Let’s pray to the goddess Glossina, the protector of our sewers
The city depends on its pipes like bathrooms and the body in its bowels. Even if it pinches your nose, zoom in on the hidden side of our water networks.
We don’t give enough thanks to Closene, the pagan goddess associated with Venus. It has even been banished from our Olympus, though we find it more superfluous than that. Imagine for a moment going through the sewers she presides over. Imagine not being able to trust your flush anymore like you trust your valve. Hello situation.
Let’s go back a bit to IIe Millennium BC In the Indus Valley, the Harappan site of Mohenjo Daro (present-day Pakistan) already exhibits a sophisticated system of canals. In the Greek Cyclades, ditto on the side of Santorini and its Akrotiri.
The Romans used cleverly inclined aqueducts to transport clean water and discharge waste water. By the year 200, Urbs had nearly a million active digestive tracts in its soil: necessary to quench their thirst and protect them from bacteria due to their own excretions. Glossina was there to oversee it.
“Imagine not being able to trust your flush like you trust your valve anymore.”
Even today, if one puts one’s ear against a door in the heart of the ancient forum, one hears whispers in the depths of the cloaca maxima created in VII.e century BC J.-C. Originally open in the open, the Great Cloak was 600 meters long, 4 meters high and 3 meters wide, and was later covered to seal off the stench.

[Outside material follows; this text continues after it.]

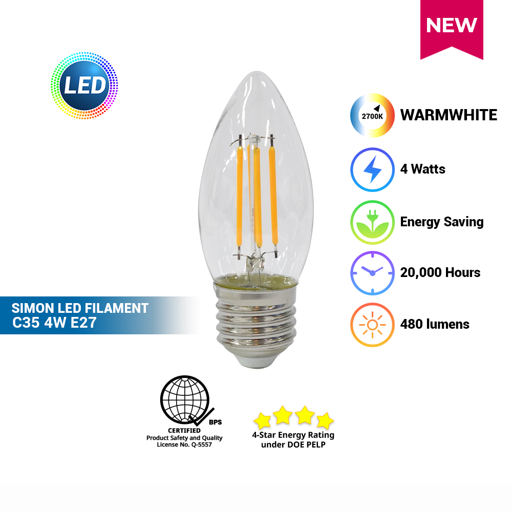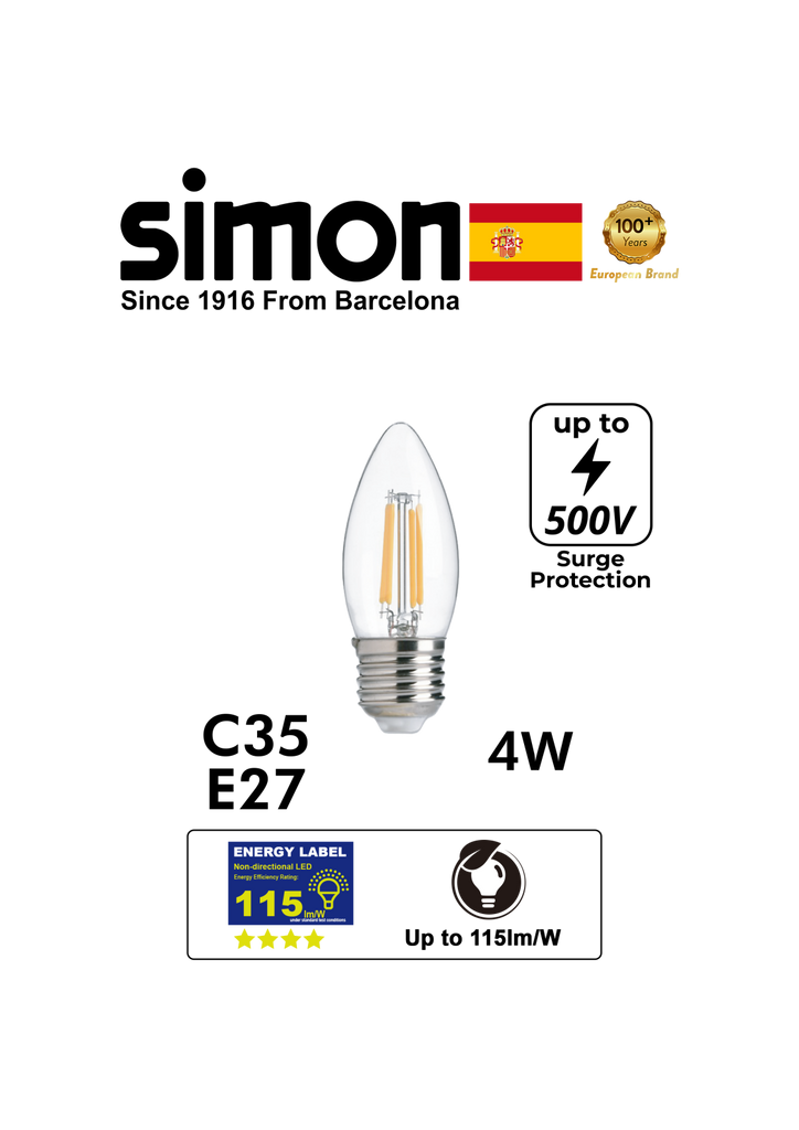 SIMON LED Filament C35 Clear 4W E27

However, be aware of the gases produced by fermentation, which can burst pipes.
During the Middle Ages, urban infrastructure deteriorated as the countryside was repopulated. In London, for example, only the good old Thames carries away human excrement, animal intestines, garbage and other industrial waste. Cholera doesn’t just hurt donkeys. At that time, drains were dug on the roads and it was believed that the sewage there would flow favorably during the next rains.
If underground pipes reappeared as feudalism evaporated, the twin revolutions of sewerage and treatment would have to wait until the 19th century.e and XXe Centuries. It should be noted that the use of humus dug septic tanks continues in rural areas, especially for domestic use, where periodic emptying is recommended. As for dry toilets, which are praised in environmental circles, they save a good portion of the 35% to 40% of drinking water wasted daily in the West.
“At that time, we dig gutters on the roads, where we hope that the waste will flow in favor of the next rain.”
Beneath Geneva’s public domain, no less than 280 kilometers of pipes meander in a network: a veritable bowel on a city scale. The largest collectors, 2 meters in diameter, may have one or the other of fifteen employees assigned to their maintenance. But most of these drains are not more than 60 cm and are therefore monitored by cameras.
Sludge from the town of Galvin goes to Aïre, a local water treatment plant, where it is discharged at a rate of 2,000 liters per second. The solids are then extracted, then dehydrated and incinerated, and ultimately converted into fuel or fertilizer. The wheel spins.
Thus ends our summer health series, and falls into the bowl without making any splash other than meditation.